* **Data shown**:
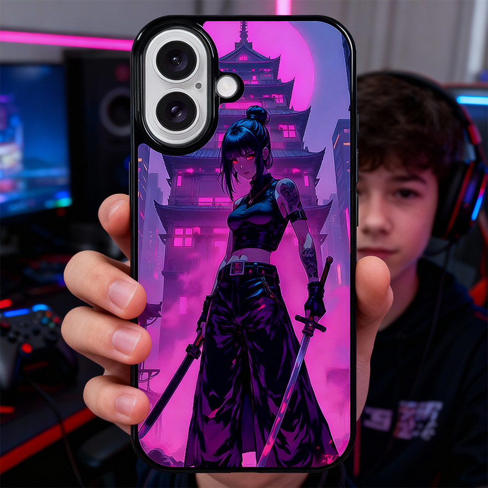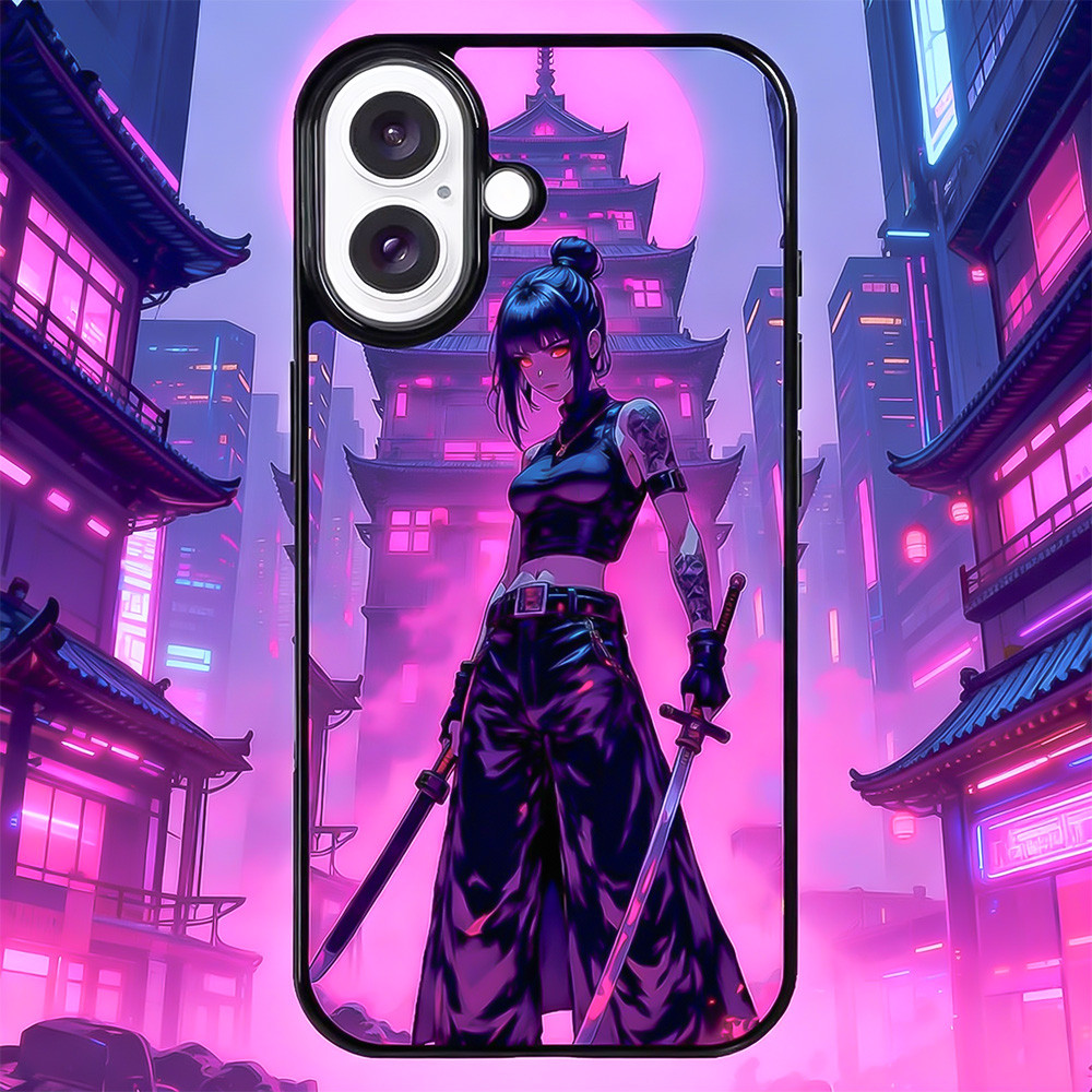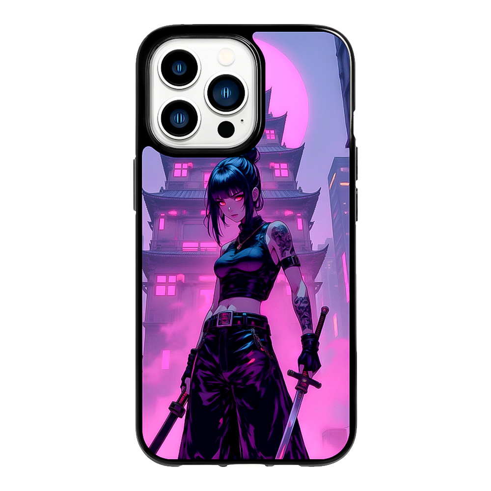 Alliez design japonais et protection premium avec la Coque iPhone Manga Samouraï Néon. Une coque Samouraï inspirée des rues de Tokyo et des univers cyberpunk, elle habille votre iPhone d’une guerrière au katana éclairée de teintes rose et violet néon.
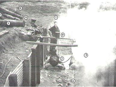 A flat circular metal band about 2 feet in circumference, 2 inches wide and 3/16ths of an inch thick had 3 metal stays 30 inches high which formed a cone connected to a small metal platform to which a vacuum pump was attached.  The pump had a gauge fitted to a connector outlet on the pump body.  A 5/8th inch rubber tube was connected to the outlet with a jubilee clip.  4 feet along the rubber tube a single bar tap is fitted known as tap "A".  18 inches from this tap a tee piece is fitted.  On the right angle bit of the tee, another 12 inches of rubber tube is fitted to which another bar tap is also fitted known as tap "B".  A further 18 inches of rubber tube is fitted to the tap and inserted into a jar containing 15 fluid ounces of immunising liquid. To the other end of the tee, 3 feet of rubber tube connected to a bronze collet with a rubber washer to fit on the fuze head.
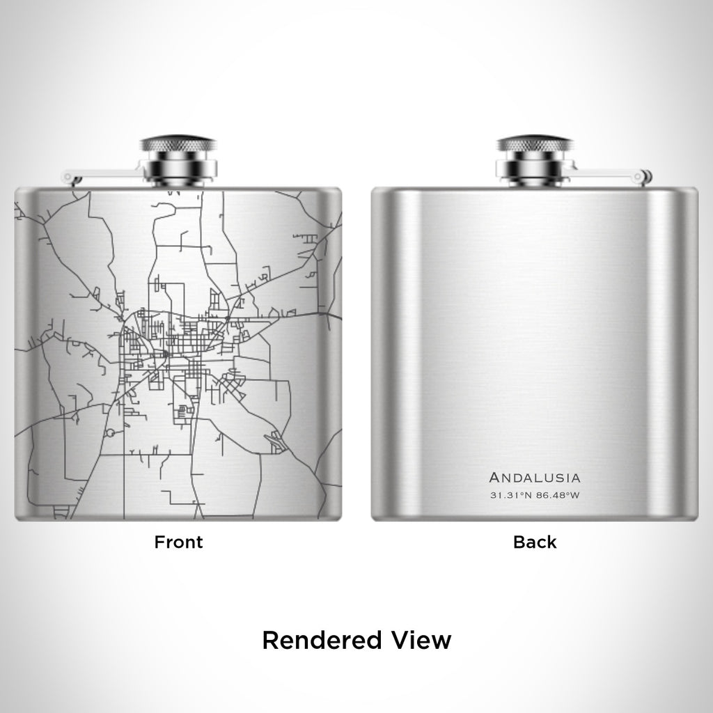 Custom engraved map of Andalusia, Alabama and coordinates on 6oz hip flask. Includes canvas bag and funnel. Measurement - 5in x 1in x 4in.

* **Problem to solve**:
Omit the pictures and output all of the other material exactly.

* **Expected answer**:
 Alliez design japonais et protection premium avec la Coque iPhone Manga Samouraï Néon. Une coque Samouraï inspirée des rues de Tokyo et des univers cyberpunk, elle habille votre iPhone d’une guerrière au katana éclairée de teintes rose et violet néon.
 A flat circular metal band about 2 feet in circumference, 2 inches wide and 3/16ths of an inch thick had 3 metal stays 30 inches high which formed a cone connected to a small metal platform to which a vacuum pump was attached.  The pump had a gauge fitted to a connector outlet on the pump body.  A 5/8th inch rubber tube was connected to the outlet with a jubilee clip.  4 feet along the rubber tube a single bar tap is fitted known as tap "A".  18 inches from this tap a tee piece is fitted.  On the right angle bit of the tee, another 12 inches of rubber tube is fitted to which another bar tap is also fitted known as tap "B".  A further 18 inches of rubber tube is fitted to the tap and inserted into a jar containing 15 fluid ounces of immunising liquid. To the other end of the tee, 3 feet of rubber tube connected to a bronze collet with a rubber washer to fit on the fuze head.
 Custom engraved map of Andalusia, Alabama and coordinates on 6oz hip flask. Includes canvas bag and funnel. Measurement - 5in x 1in x 4in.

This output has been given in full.